Angiogenic factor with G-patch and FHA domains 1 (AGGF1) is involved in vascular development, angiogenesis, specification of hemangioblasts, and differentiation of veins. When mutated, however, it causes Klippel-Trenaunay syndrome, a vascular disorder. In this study, we show that angiotensin II (AngII)-the major effector of the renin-angiotensin system and one of the most important regulators of the cardiovascular system-induces the expression of AGGF1 through NF-κB, and that AGGF1 plays a key role in AngII-induced angiogenesis. AngII significantly up-regulated the levels of AGGF1 mRNA and protein in HUVECs at concentrations of 10-40 μg/ml but not >60 μg/ml. AngII type 1 receptor (AT1R) inhibitor losartan inhibited AngII-induced up-regulation of AGGF1, whereas AT2R inhibitor PD123319 further increased AngII-induced up-regulation of AGGF1. Up-regulation of AGGF1 by AngII was blocked by NF-κB inhibitors, and p65 binds directly to a binding site at the promoter/regulatory region of AGGF1 and transcriptionally activates AGGF1 expression. AngII-induced endothelial tube formation was blocked by small interfering RNAs (siRNAs) for RELA (RELA proto-oncogene, NF-κB subunit)/p65 or AGGF1, and the effect of RELA siRNA was rescued by AGGF1. AngII-induced angiogenesis from aortic rings was severely impaired in Aggf1^+/- mice, and the effect was restored by AGGF1. These data suggest that AngII acts as a critical regulator of AGGF1 expression through NF-κB, and that AGGF1 plays a key role in AngII-induced angiogenesis.-Si, W., Xie, W., Deng, W., Xiao, Y., Karnik, S. S., Xu, C., Chen, Q., Wang, Q. K. Angiotensin II increases angiogenesis by NF-κB-mediated transcriptional activation of angiogenic factor AGGF1.

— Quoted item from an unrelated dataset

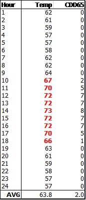 Traditionally, CDD and HDD concepts are constructed by first calculating daily average temperature— either averaging the 24-hourly observations or taking the average of the daily maximum and minimum— and then calculating CDDs and HDDs for the desired breakpoints. This is, by definition, aggregation bias, averaging before calculating the nonlinear values. This got me thinking, should we be calculating CDD and HDD concepts on the hourly values first and then averaging for the day? If you do not have historical hourly weather, the point is moot. But let’s assume you do. The table below contains 24 hourly temperature observations. The average temperature for the day is 63.8 degrees, calculating a CDD in base 65 would result in zero CDDs, but if you first calculated the CDDs and then averaged, you would end up with two CDDs. Was there cooling during the day or not? Thinking from a residential customer’s perspective, a few warm hours in the middle of the day wouldn’t necessitate turning on the air conditioner. During the height of summer or winter, it will not matter—when all hourly observations are above or below the breakpoint, the two methods will return the exact same value.

Keywords: AT1R; AT2R; p65.

Figure 1

AngII up-regulates the expression of AGGF1 in HUVECs. A) HUVECs were starved for 12 h and subsequently treated with AngII for 12 h at different concentrations: 10 μg/ml (9.56 μM), 20 μg/ml (19.12 μM), 40 μg/ml (38.24 μM), 60 μg/ml (57.36 μM), and 80 μg/ml (76.48 μM). Cells were harvested and used for Western blot analysis with an anti-AGGF1 antibody or control anti-GAPDH. B) HUVECs were starved for 12 h and then treated with AngII for 12 h at different concentrations: 5 μg/ml (4.78 μM), 10 μg/ml (9.56 μM), 15 μg/ml (14.34 μM), 20 μg/ml (19.12 μM), and 30 μg/ml (28.68 μM). Cells were harvested and used for Western blot analysis. C) HUVECs were treated as in B and used for real-time RT-PCR analysis. D) HUVECs were starved for 12 h, treated with 10 μg/ml (9.56 μM) of AngII with or without AT1R inhibitor losartan (IC50 = 20 nM) or AT2R inhibitor PD123319 (IC50 = 34 nM) for 12 h, and were subsequently used for Western blot analysis. *P < 0.05, **P < 0.01, ****P < 0.0001 (n = 3).

Figure 2

AngII regulates the expression of AGGF1 through the NF-κB pathway. A) Effect of JNK inhibitor SP600125 (20 μM) on Ang II-induced expression of AGGF1. B) Effect of p38 MAPK inhibitor SB203580 (10 μM) on Ang II-induced expression of AGGF1. C) Effect of NF-κB inhibitor PDTC (10 μM) on Ang II-induced expression of AGGF1. D) Effect of ERK inhibitor PD98059 (20 μM) on Ang II-induced expression of AGGF1. E) Effect of NF-κB inhibitor PDTC (10 μM) and AT1R inhibitor losartan (IC50 = 20 nM) on increased p65 phosphorylation and Ang II-induced expression of AGGF1. NS, not significant; PDTC, pyrrolidine dithiocarbamate. **P < 0.01, ***P < 0.001, ****P < 0.001 (n = 3).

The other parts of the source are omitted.